Task »
An unchanged copy of each entry below is needed; keep the pictures out of it.

Input records »
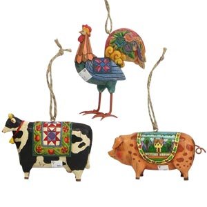 Farm Animal Ornament Set/3 - set includes a pig, cow, and a rooster. Stone resin, each measures approx 3 3/4" long.
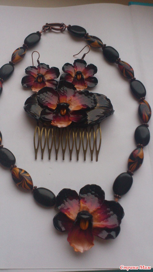 Приветствую всех-всех! Хочу вам показать свою последнюю работу, комплект украшений с орхидеей. Вдохновили меня работы известной многим мастерицы, Юлии Галущак, в жж. Орхидею лепила в первый раз. А теперь, фото
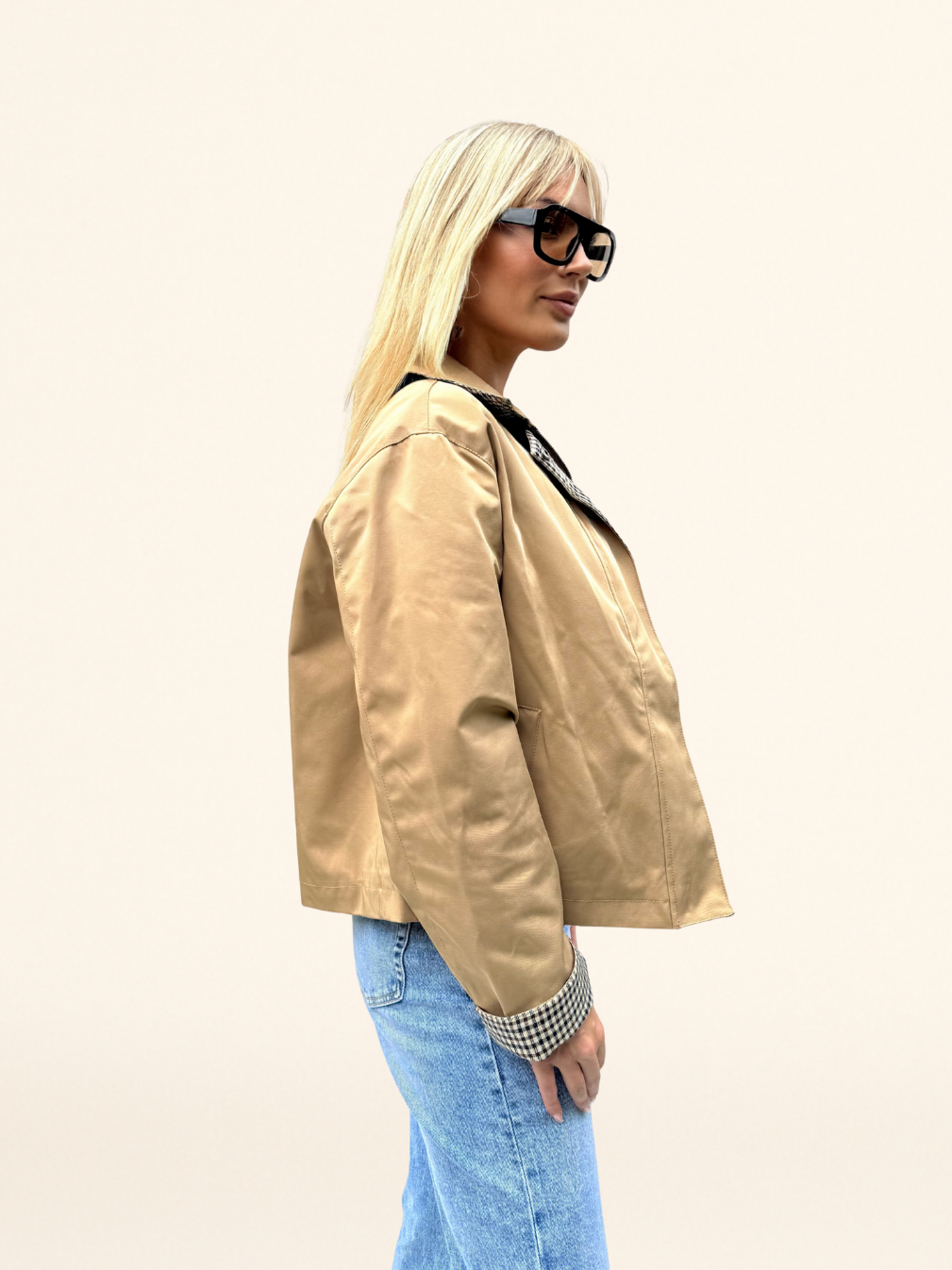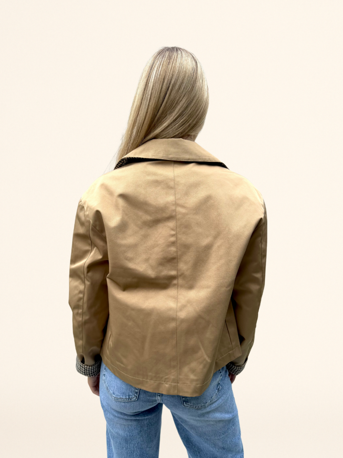 • Details: ritssluiting, zakken, drukknopen, geruite binnenkant
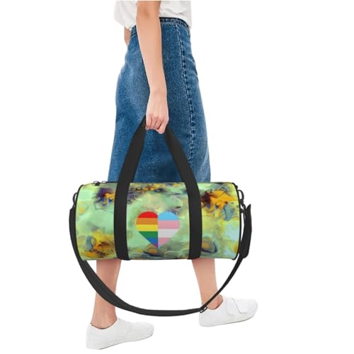 HOT ! LGBT Rainbow and Transgender Pride Flag Heart Convertible Garment Bag with Shoulder Strap, Carry on Garment Duffel Bag for Men Women - Rolling Foldable for Travel Luggage Bags (Black)
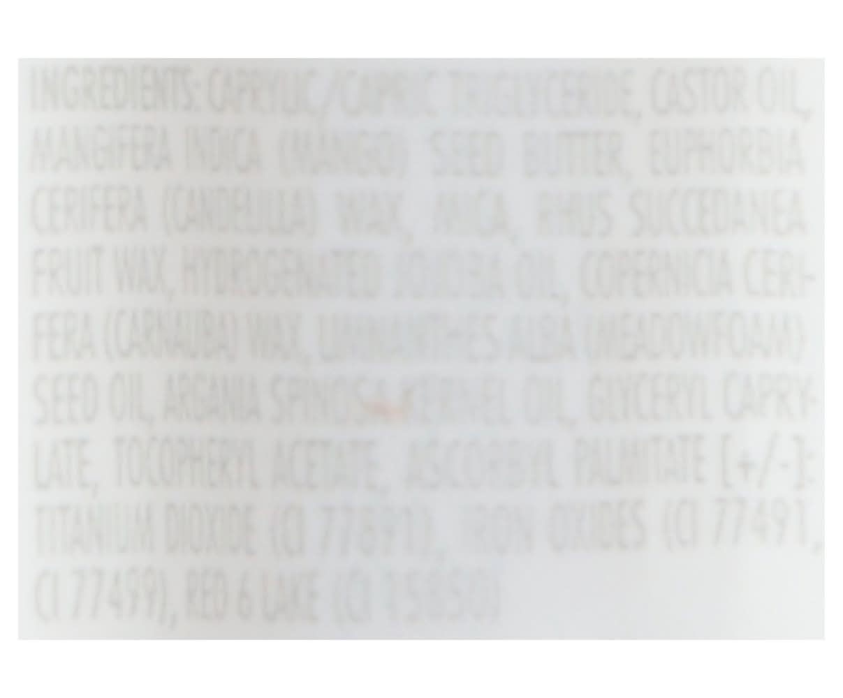 Ingredients: Caprylic/Capric Triglycerides, Castor Oil, Mangifera Indica (Mango) Seed Butter, Euphorbia Cerifera (Candelilla) Wax, Mica, Rhus Succedanea Fruit Wax, Hydrogenated Jojoba Oil, Copernicia Cerifera (Carnauba) Wax, Limnanthes Alba (Meadowfoam) Seed Oil, Argania Spinosa Kernel Oil, Glyceryl Caprylate, Tocopheryl Acetate, Ascorbyl Palmitate [+/-]: Titanium Dioxide (CI 777891), Iron Oxides (CI 77491, CI 77499), Red 6 Lake (CI 75850) Contains: Tree Nuts, Argan Nuts

Output of the exercise »
 Farm Animal Ornament Set/3 - set includes a pig, cow, and a rooster. Stone resin, each measures approx 3 3/4" long.
 Приветствую всех-всех! Хочу вам показать свою последнюю работу, комплект украшений с орхидеей. Вдохновили меня работы известной многим мастерицы, Юлии Галущак, в жж. Орхидею лепила в первый раз. А теперь, фото
 • Details: ritssluiting, zakken, drukknopen, geruite binnenkant
 HOT ! LGBT Rainbow and Transgender Pride Flag Heart Convertible Garment Bag with Shoulder Strap, Carry on Garment Duffel Bag for Men Women - Rolling Foldable for Travel Luggage Bags (Black)
 Ingredients: Caprylic/Capric Triglycerides, Castor Oil, Mangifera Indica (Mango) Seed Butter, Euphorbia Cerifera (Candelilla) Wax, Mica, Rhus Succedanea Fruit Wax, Hydrogenated Jojoba Oil, Copernicia Cerifera (Carnauba) Wax, Limnanthes Alba (Meadowfoam) Seed Oil, Argania Spinosa Kernel Oil, Glyceryl Caprylate, Tocopheryl Acetate, Ascorbyl Palmitate [+/-]: Titanium Dioxide (CI 777891), Iron Oxides (CI 77491, CI 77499), Red 6 Lake (CI 75850) Contains: Tree Nuts, Argan Nuts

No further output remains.